◆ Required work
Once you reach the line with "2. Check continuity" in the material below, copy each line exactly up to and including the line with "History of Object: Will", and skip the pictures.

◆ Data for this task
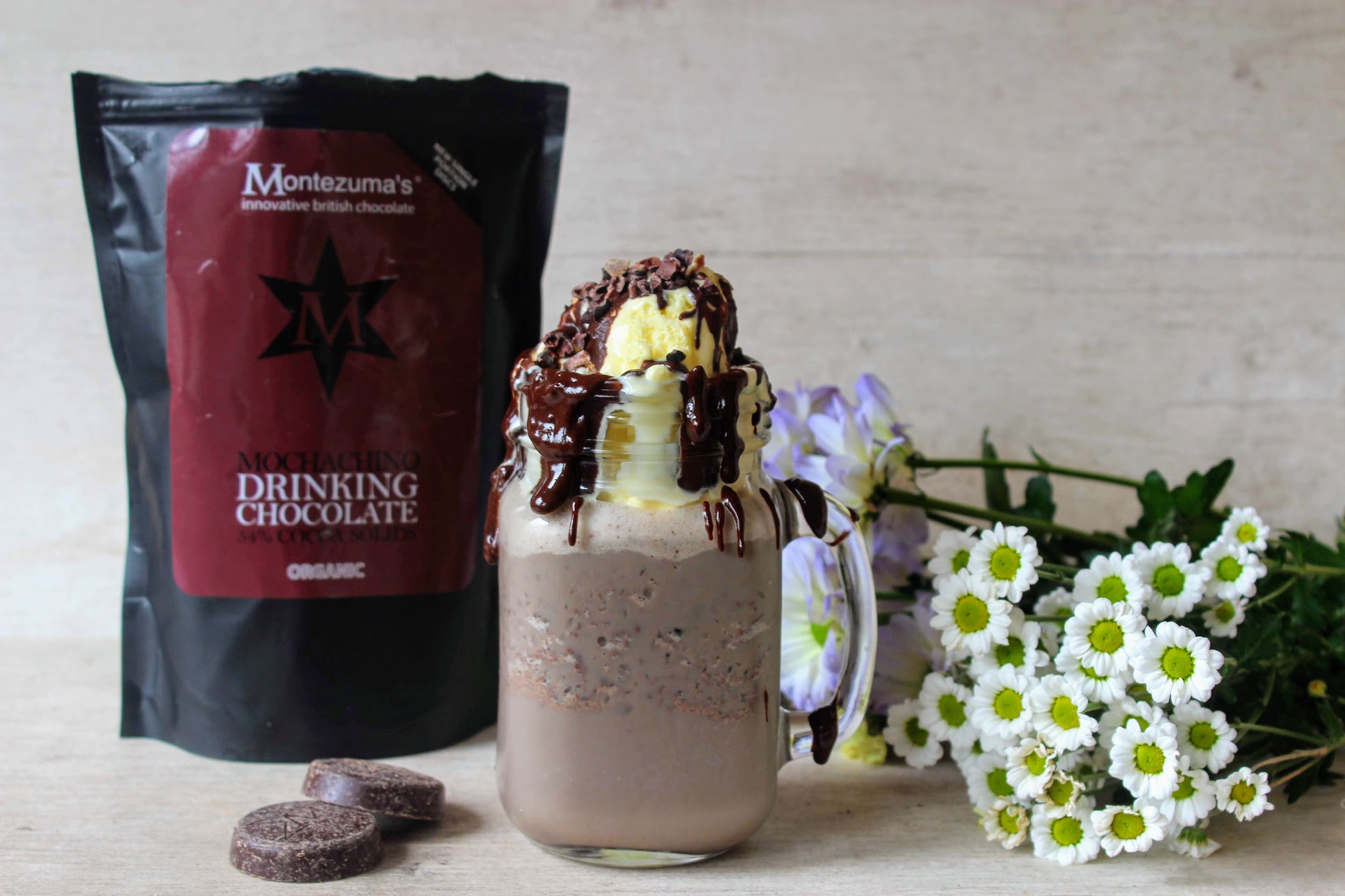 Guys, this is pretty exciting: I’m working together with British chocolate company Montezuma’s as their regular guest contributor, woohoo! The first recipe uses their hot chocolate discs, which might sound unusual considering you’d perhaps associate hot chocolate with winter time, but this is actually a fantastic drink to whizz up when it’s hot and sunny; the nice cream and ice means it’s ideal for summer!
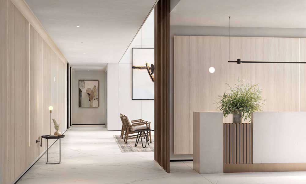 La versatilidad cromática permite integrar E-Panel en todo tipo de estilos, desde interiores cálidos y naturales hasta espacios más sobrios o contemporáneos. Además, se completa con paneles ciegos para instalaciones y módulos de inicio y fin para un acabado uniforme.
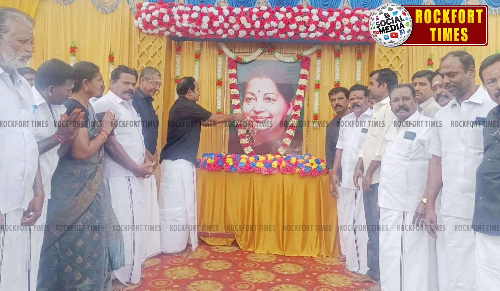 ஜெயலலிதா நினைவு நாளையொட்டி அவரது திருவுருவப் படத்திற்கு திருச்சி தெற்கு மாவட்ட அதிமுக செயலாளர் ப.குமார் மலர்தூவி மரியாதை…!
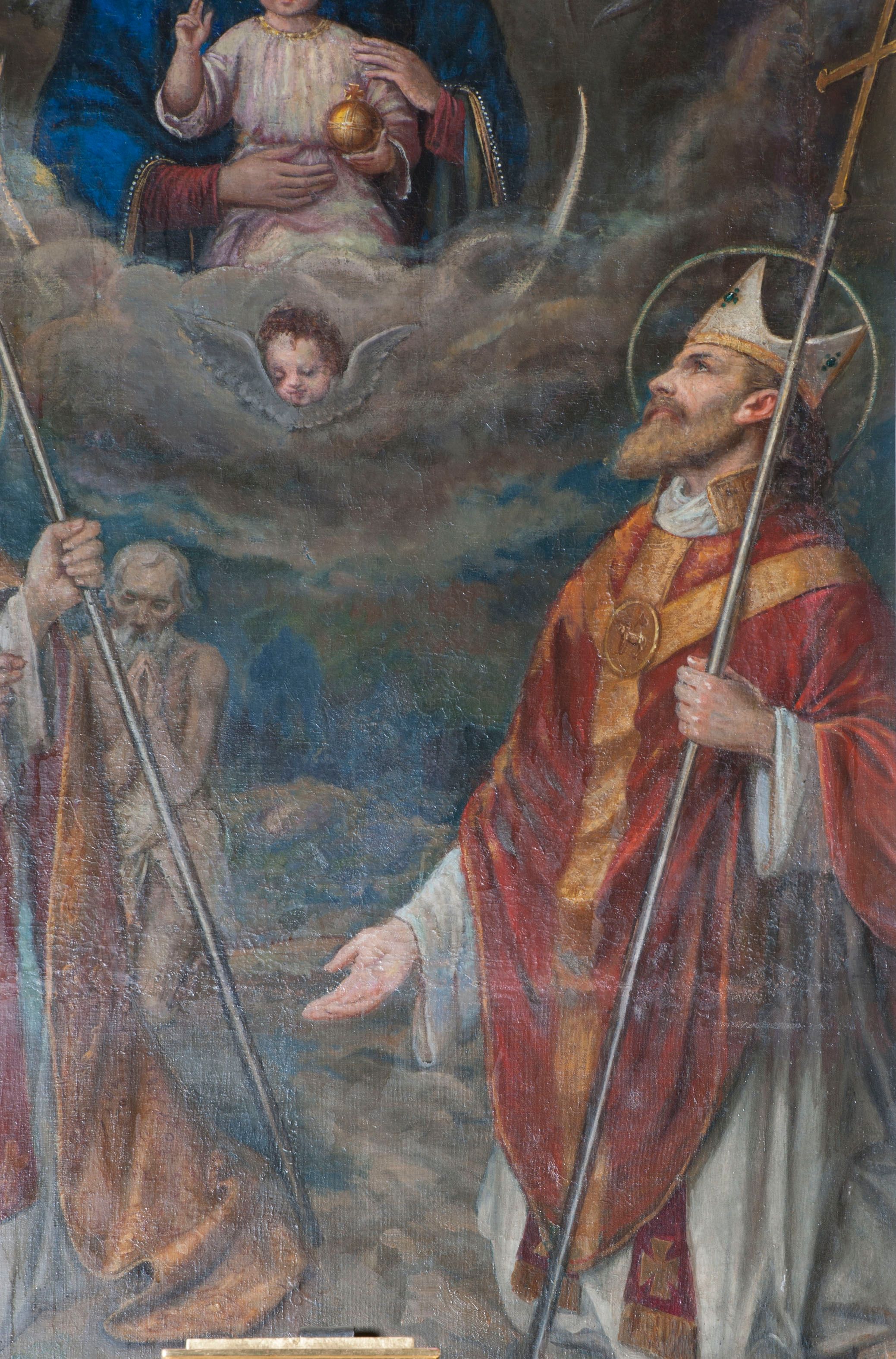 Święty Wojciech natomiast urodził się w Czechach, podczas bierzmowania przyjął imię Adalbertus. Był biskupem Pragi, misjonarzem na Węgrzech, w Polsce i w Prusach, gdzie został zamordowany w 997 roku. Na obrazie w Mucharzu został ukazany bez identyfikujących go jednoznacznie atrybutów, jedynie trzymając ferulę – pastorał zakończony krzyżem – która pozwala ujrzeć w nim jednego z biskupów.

...

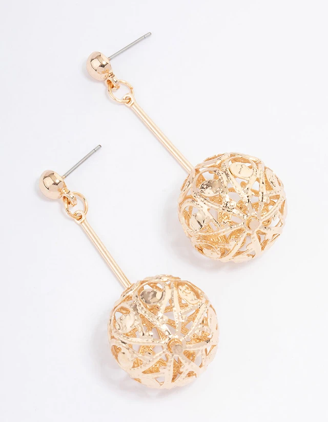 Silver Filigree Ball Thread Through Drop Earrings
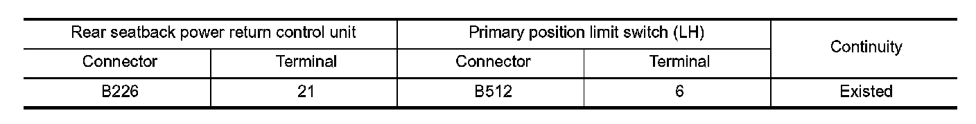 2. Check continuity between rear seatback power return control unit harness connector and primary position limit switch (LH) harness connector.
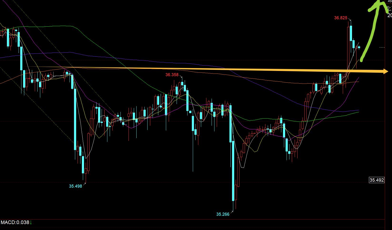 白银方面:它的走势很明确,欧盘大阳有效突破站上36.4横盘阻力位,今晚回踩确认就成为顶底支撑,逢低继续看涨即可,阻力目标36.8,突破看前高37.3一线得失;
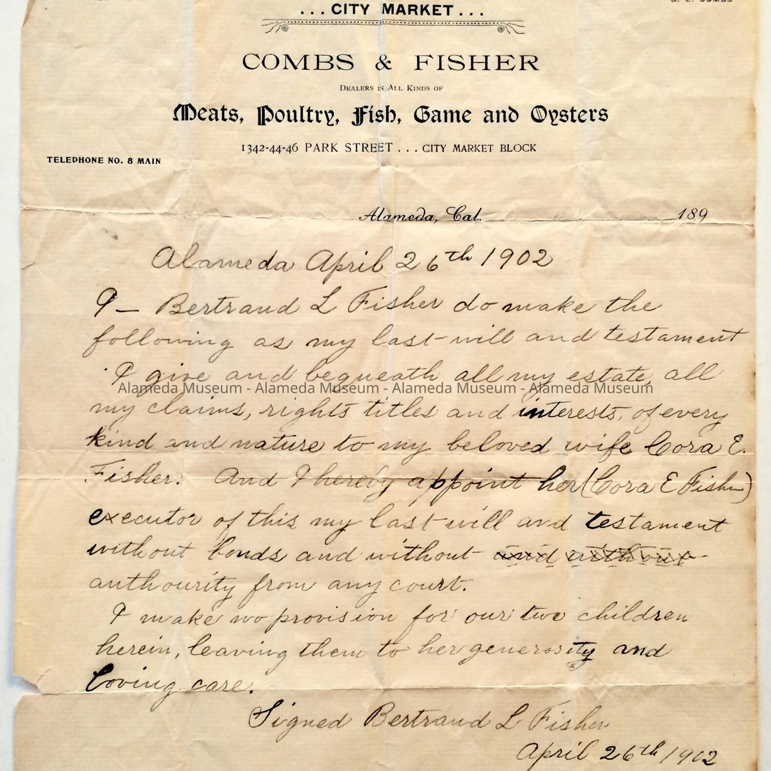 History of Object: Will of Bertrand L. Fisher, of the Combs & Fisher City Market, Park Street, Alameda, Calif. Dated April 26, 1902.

◆ Response below
 2. Check continuity between rear seatback power return control unit harness connector and primary position limit switch (LH) harness connector.
 白银方面:它的走势很明确,欧盘大阳有效突破站上36.4横盘阻力位,今晚回踩确认就成为顶底支撑,逢低继续看涨即可,阻力目标36.8,突破看前高37.3一线得失;
 History of Object: Will of Bertrand L. Fisher, of the Combs & Fisher City Market, Park Street, Alameda, Calif. Dated April 26, 1902.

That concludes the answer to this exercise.